Riporto qui le parole di don Carlo Gnocchi, scritte in “Cristo con gli alpini”, che io trovo di critica per la Chiesa del suo tempo e che ritengo molto valide ancora oggi.
“Da due anni sono cappellano militare, ma donde viene alla mia vita spirituale questo senso tutto nuovo e originale di pienezza, di dilatazione e di gioia, ordinata e virile che erompe dalle mie profondità, anche nelle inevitabili angustie dell’ora e tra gli spettacoli più angosciosi della guerra? Perché altri Cappellani hanno confessato, come me, che la vita militare ha segnato una generosa rinnovazione del loro sacerdozio? […..] Qui invece si tratta di un fatto estremamente personale, di una realtà interiore mai prima d’ora sperimentata, di una nuova e felice dimensione dello spirito che riguarda la mia personalità e quella soltanto. Qualche cosa che nasce dall’immissione profonda dell’individuo nella massa, della consunstanzialità dell’uomo con la tragedia del suo tempo e con la stretta consaguineità con quelli che ne sono i protagonisti più diretti: i combattenti. È il sentirsi efficacemente e sperimentalmente irradiati nella storia, fatti carne e sangue con la propria gente, attori di primo piano in questo dramma immane che dà allo spirito questa pienezza vitale, questa socialità gioiosa e questa coralità immensa. La vita ordinaria del sacerdote può nascondere l’ambigua e difficile tentazione di segregarsi dalla massa, nell’intento di elevarsi, può creare lentamente diaframmi opachi tra lui e il popolo, e stabilire alla fine, negli spiriti meno vigili e meno vasti uno stato di splendido isolamento.”

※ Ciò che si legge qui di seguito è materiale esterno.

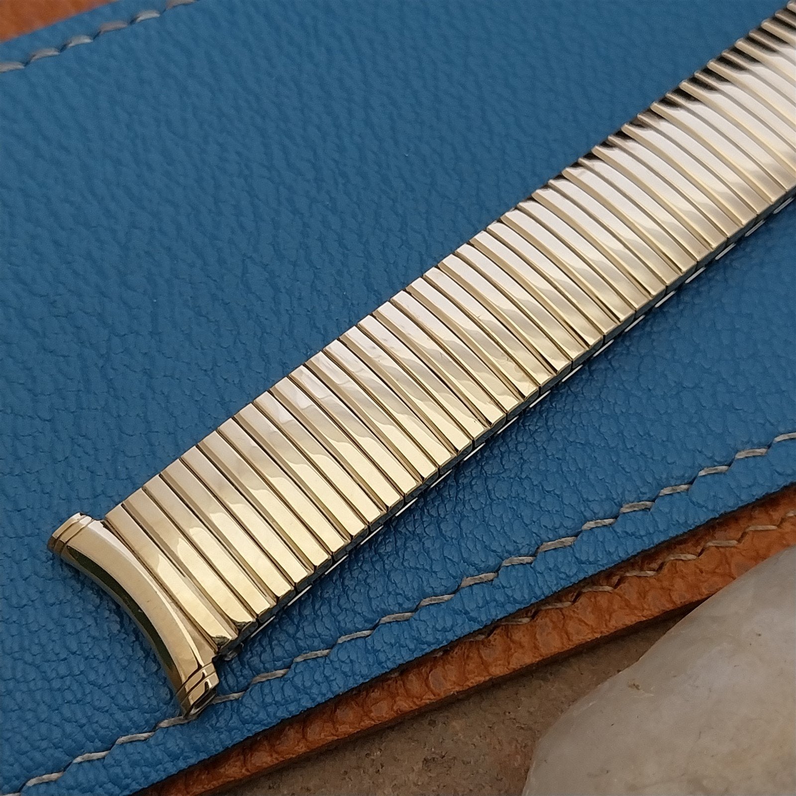 - NOS unused 1960s-1970s old-stock Speidel curve top Linesman 10K yellow gold-filled expansion watch bracelet.

Quindi anche qui si pone la declinazione del titolo: a quale chiesa vogliamo tornare? Davvero la chiesa di prima era adatta, ed è adatta, ai nostri tempi? È presenza viva e vivificante, anche eventualmente in contrapposizione con le idee e le mode dominanti, del mondo di oggi?
TASSE
Credo che questa epidemia abbia mostrato un dato insindacabile: l’evasione fiscale, la corruzione in ogni forma, sono reati “contro l’umanità”. E come tali devono essere perseguiti! Occorre un cambio di mentalità e un cambio di legislazione. Il cambio di legislazione è anche propedeutico al cambio di mentalità ed è in tal senso che le pene devono essere adeguate. Ad esempio restituire allo Stato cinque volte tanto le somme evase e il carcere simile al “41bis”. Non è e non deve essere vendetta ma la consapevolezza che evadere le tasse, corrompere e farsi corrompere, mina alla base la convivenza civile, le relazioni comunitarie, la stessa esistenza di servizi essenziali come la sanità, i servizi educativi per minori, disabili, anziani, stranieri da integrare, servizi di cura dell’ambiente, culturali e tanto altro. Molti morti conseguenza di questo virus sono in realtà omicidio, ed il colpevole è chi non ha pagato le tasse.
CONCLUSIONI
Forse a qualcuno la “normalità” di prima andava bene, a qualcun altro no. Ma se un fatto così grave succede senza che nulla cambi allora vuol dire che ciò che è capitato non è servito a nulla e a nulla è servita tutta la sofferenza e la fatica generata. Persa.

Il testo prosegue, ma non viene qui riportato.